**Problem**
The task calls for an exact retyping of the lines from the one holding "周二(9月2日)盘中,英伟达" through the end of the listing, with pictures omitted and nothing added.

**Supplied data**
━━━━
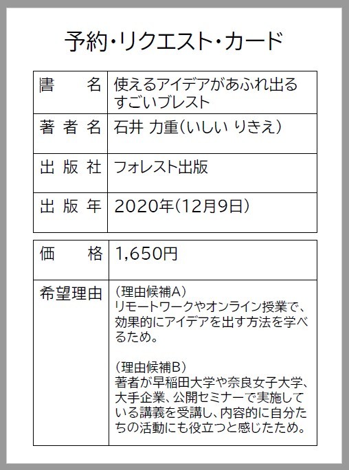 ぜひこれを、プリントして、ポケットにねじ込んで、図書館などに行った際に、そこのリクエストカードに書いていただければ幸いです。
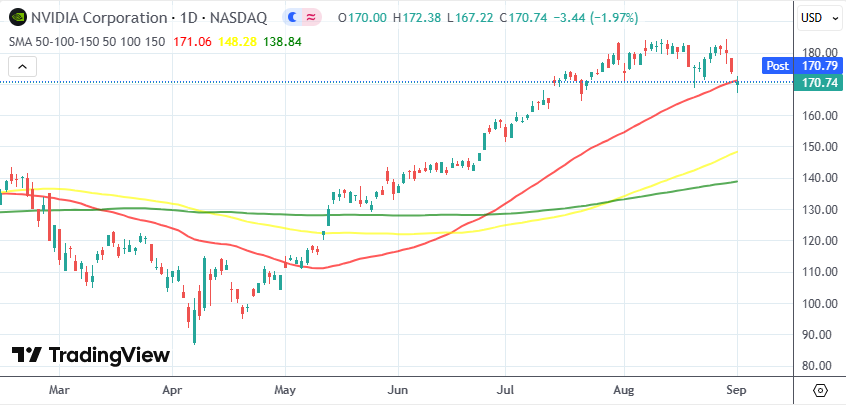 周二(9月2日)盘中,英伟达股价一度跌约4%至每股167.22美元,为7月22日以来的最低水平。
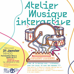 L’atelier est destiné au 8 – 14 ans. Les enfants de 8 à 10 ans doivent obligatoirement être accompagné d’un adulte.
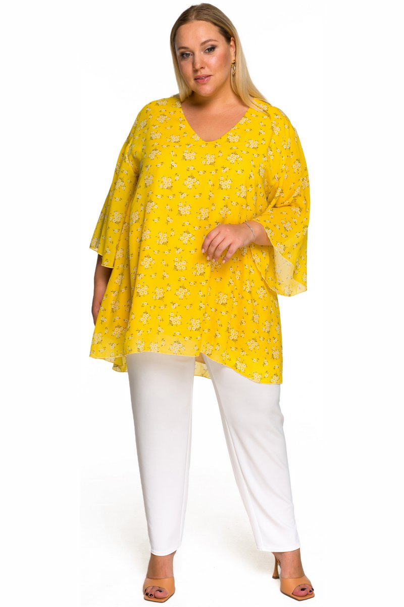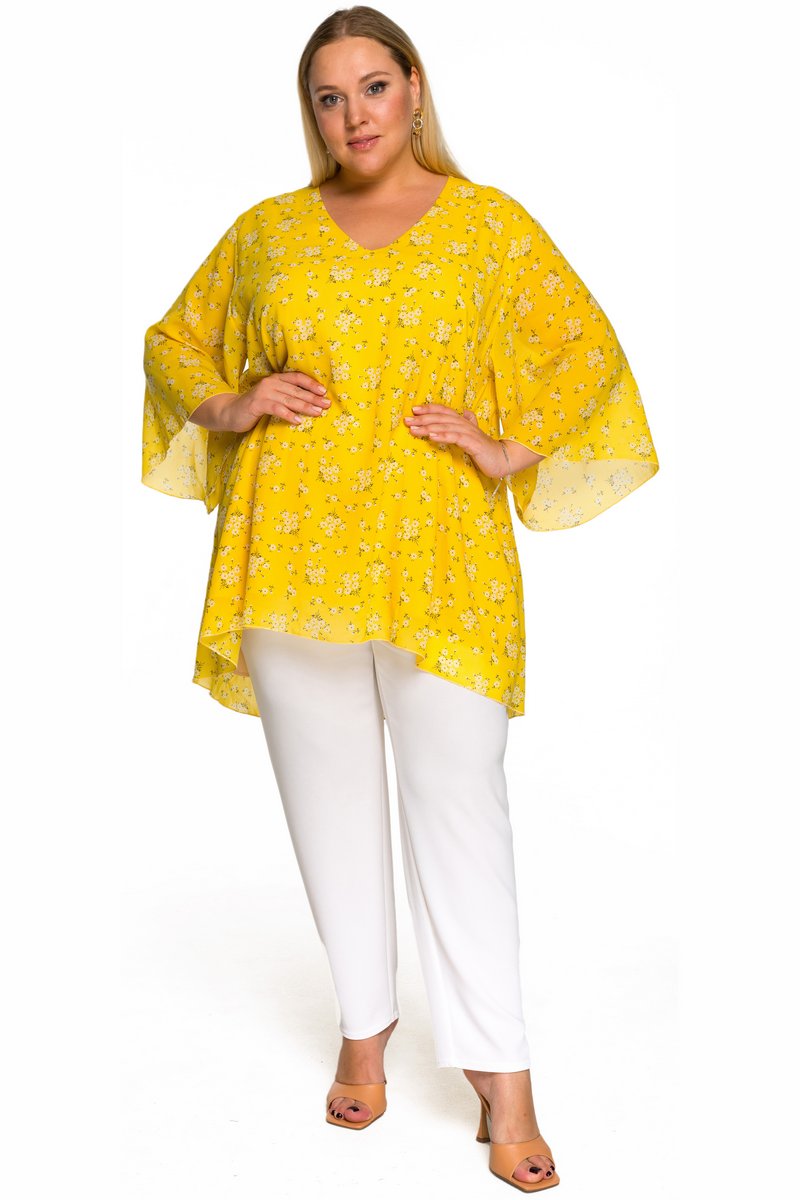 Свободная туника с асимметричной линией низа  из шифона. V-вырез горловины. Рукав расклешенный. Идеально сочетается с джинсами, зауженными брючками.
━━━━
**Expected answer**
 周二(9月2日)盘中,英伟达股价一度跌约4%至每股167.22美元,为7月22日以来的最低水平。
 L’atelier est destiné au 8 – 14 ans. Les enfants de 8 à 10 ans doivent obligatoirement être accompagné d’un adulte.
 Свободная туника с асимметричной линией низа  из шифона. V-вырез горловины. Рукав расклешенный. Идеально сочетается с джинсами, зауженными брючками.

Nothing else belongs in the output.